Airplane buff Merlyn Williams says, if he had to guess, the mystery airplane part discovered by divers last weekend, once belonged to an Avro York that crashed at the Yellowknife airport in 1955. - Mike W. Bryant/NNSL photo

Parts of plane pulled from depths

Mike Bryant
Northern News Services

Yellowknife (Sep 15/06) - There is little doubt the object pulled out of Long Lake last weekend by naval divers belongs to an airplane, but the question Yellowknifers are asking is: which one?

Andy Dupras, a resident for 49 years, was excited after hearing about the discovery, made last Friday. Some 45 years ago, the prospector had taken part in a search for a pair of young flyers who mysterious disappeared while joy riding around Yellowknife.

The disappearance of Frank Avery, Bob Markle and their small, two-seater Luscombe Silvaire is one the most enduring aviation mysteries of the North.

"They had communicated with the tower at the airport, and were three minutes from coming in," said Dupras, who would join a large search party organized shortly after Oct. 30, 1960, when the two men failed to return.

"They were just learning to fly."

Gerald Avery, brother of the lost pilot who was 22 at the time of the crash, said he would like to find closure to his brother's disappearance, but after hearing the description of the recovered plane section - a wing or tail piece measuring 12 to 15 feet in length - he doubts it was part of his brother's missing plane.

"It was just a small, little plane," said Avery.

Visiting naval divers, on a training exercise with Joint Task Force North - a division of the Canadian military - Fisheries and Oceans and the Canadian Coast Guard, found the plane part 20 meters from shore, shortly after entering the water.

It was dragged to shore on Sunday. Time and layers of freshwater mollusks have dulled its appearance. The aluminum shell is spotty and corroded.

Regardless, Avery said his brother's plane may very well be at the bottom of Long Lake. He certainly wasn't far from town when he went missing.

"They just went for a little flight," said Avery, recalling that there had been enough ice on Back Bay in late October to take off on skis.

"There was ice, and the were just flying around town, but they never came back. They certainly could've wound up in Long Lake.
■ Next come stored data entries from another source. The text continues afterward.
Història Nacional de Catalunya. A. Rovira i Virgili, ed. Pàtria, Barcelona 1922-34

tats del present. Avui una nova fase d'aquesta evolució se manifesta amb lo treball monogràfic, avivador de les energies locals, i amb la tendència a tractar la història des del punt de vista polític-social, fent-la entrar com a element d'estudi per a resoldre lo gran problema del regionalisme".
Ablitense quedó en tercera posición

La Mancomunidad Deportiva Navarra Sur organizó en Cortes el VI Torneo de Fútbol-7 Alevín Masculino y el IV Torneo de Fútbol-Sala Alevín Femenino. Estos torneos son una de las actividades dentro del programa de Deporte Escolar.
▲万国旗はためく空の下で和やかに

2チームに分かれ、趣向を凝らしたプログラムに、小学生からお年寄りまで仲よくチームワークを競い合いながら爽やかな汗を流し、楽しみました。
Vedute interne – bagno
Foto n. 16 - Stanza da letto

That's always a possibility."

He said pilot friends continue to search for the downed plane.

Merlyn Williams, a self-described aviation buff, thought the discovered plane piece was part of the tail of a British Avro York tanker, 11 of which were brought to Canada in the mid-1950s to fly freight to and from the DEW Line radar sites that dotted the high Arctic at the height of the Cold War.
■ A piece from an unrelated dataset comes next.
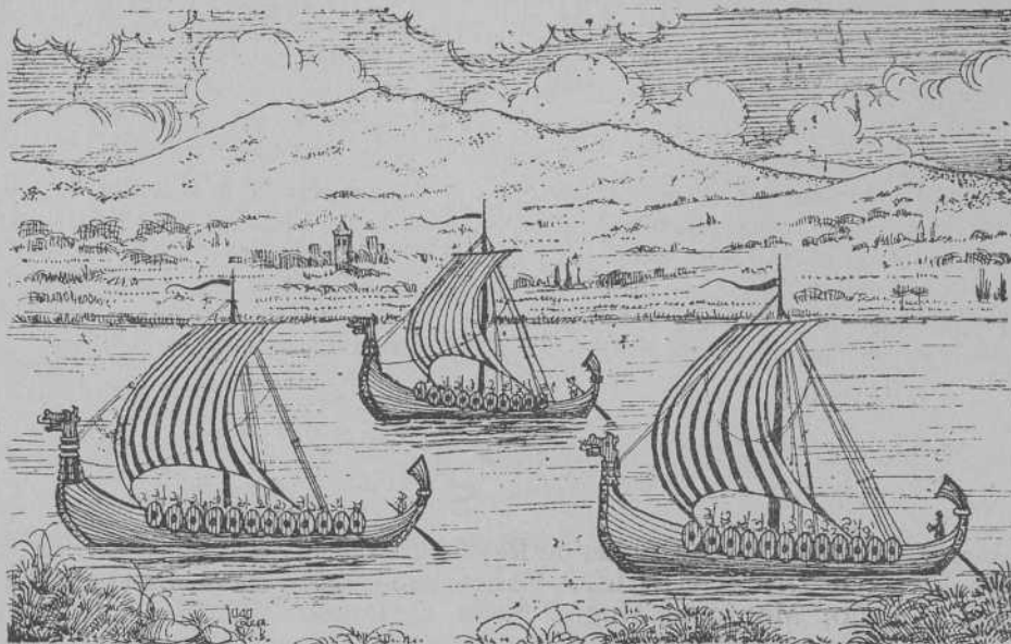
"VIEJA ESTAMPA.-Vanguardia de una escuadra wikinga a la altura de Ganfey. (Véase texto página 10)

En un futuro próximo se complementará con la erección del Monumento a Calvo Sotelo, así como con la rectificación y mejora de sus aceras.

Unfortunately, the 78-foot-long plane had a remarkably bad safety record; one crashed in Spitfire Lake, south of Great Slave Lake, and another went down in Hall Beach, Nunavut, said Williams.

According to a historical account of the aircraft, written by Tony Merton Jones, six of them crashed in the Northwest Territories and Nunavut during this period.

One of those Yorks crashed on take-off at the Yellowknife Airport in April, 1955, only a month after being declared ready for service.

There were no fatalities but the plane was declared a write-off, and most of it was buried at the sand pits, close to the airport. Williams wonders, however, if the plane's tail - for whatever reason, wasn't buried.

"They probably threw it in the lake," said Williams, based on his initial inspection of the recovered part earlier this week.

After taking another look at the airplane piece Wednesday, however, Williams was no longer so sure if it still belonged to an Avro York. The supports that would've attached to the rest of the plane didn't look quite right, he said, although he wouldn't rule it out.

Joe McBryan, owner of Buffalo Airways, has yet another theory, although he doesn't rule out Williams' assessment about the Avro York either.

"During the (Second World War) they had a brand new DC-3 crash at the airport here, and for years they used the cabin as a clubhouse at the golf course," said McBryan.

"But I bet you (the recovered part) is a wing off that DC-3. It used to be up on the shore there."

A spokesperson for the NWT Department of Transportation, which owns the airport, said his office doesn't know anything about the airplane part, but was planning to ask McBryan take a look at it anyway.